Lorde also asks her tour guide in Tashkent about treatment of Jews in the Soviet Union. My students and I were happy that someone was finally asking about Jews. We discussed the fact that many of the African-American authors we studied who traveled to Russia were focused on the treatment of Central Asians and paid relatively no attention to that of the Jews. Even Langston Hughes’ essay in the Chicago Defender, “The Soviet Union and the Jews,” focused on the pogroms of tsarist Russia, and not on contemporary struggles. We talked about why this might be, and I offered my guess that African-American visitors to Russia were likely used to thinking of ethnic discrimination in terms of skin color.
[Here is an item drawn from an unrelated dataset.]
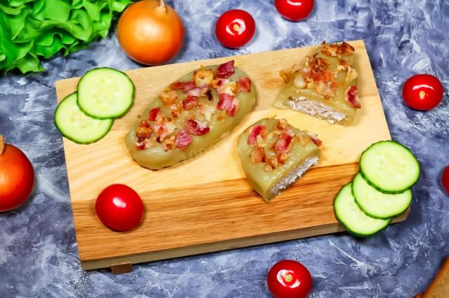 В это время приготовьте соус. Как сделать соус? Нарежьте кубиками бекон и оставшуюся луковицу. На сковороде разогрейте растительное масло, выложите в него лук и бекон. Обжаривайте их на небольшом огне до золотистого цвета. В конце приготовления добавьте по вкусу соль.
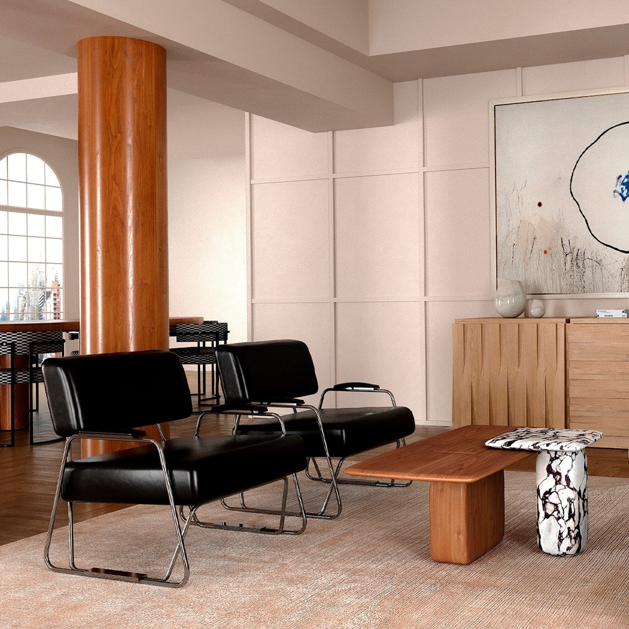 - Coin lecture ou détente : ce fauteuil minimaliste rembourré s'intègre dans un espace de détente ou bibliothèque, avec une allure apaisante et invitante.

My students at this point became quite animated. They spoke with immense pride that RGGU had a strong record as an institution that welcomed Jewish students and scholars . They all agreed that this was a source of pride for the university as a whole, and that it had resulted in a very progressive atmosphere at the university. This perhaps could explain why my students were so receptive to discussing race and criticizing their own country for discriminating against minorities.

I would like to end this blog series by thanking RGGU, particularly the Russian-American Studies Center and its director, Dr. Marina Kaul, for facilitating my time there and for allowing me to teach this course for the first time. I also want to end with a sweet anecdote from one of my last classes. Sometime in April, Apple unveiled ethnically diverse emojis. I only realized this when my students came up to me after class and told me about it, and informed me that they were now using African-American emojis to express their solidarity with the black struggle. I never expected that my most emotional moment as a teacher would revolve around emojis, but at that moment, I felt like we had attained, even if just within the confines of that seminar room, the “personal element” between Russians and people of color that Lorde had been searching for in Tashkent.

 

2 responses to “Teaching Race in Russia: Some Conclusions”

  1. Kathryn David says:

    Great post- and an excellent series. I wonder if you’ve seen the television show “The Americans” about Soviet spies living in America. One of the ways that the audience begins to side with the Soviet spies is their involvement with the American Civil Rights movement and protesting apartheid in South Africa. The show presents Soviet spies as allied with these struggles- in contrast to many Americans on the show. It might be an interesting source to show your students- especially as it deals with how Americans see the Soviet Union’s relationship with race in hindsight.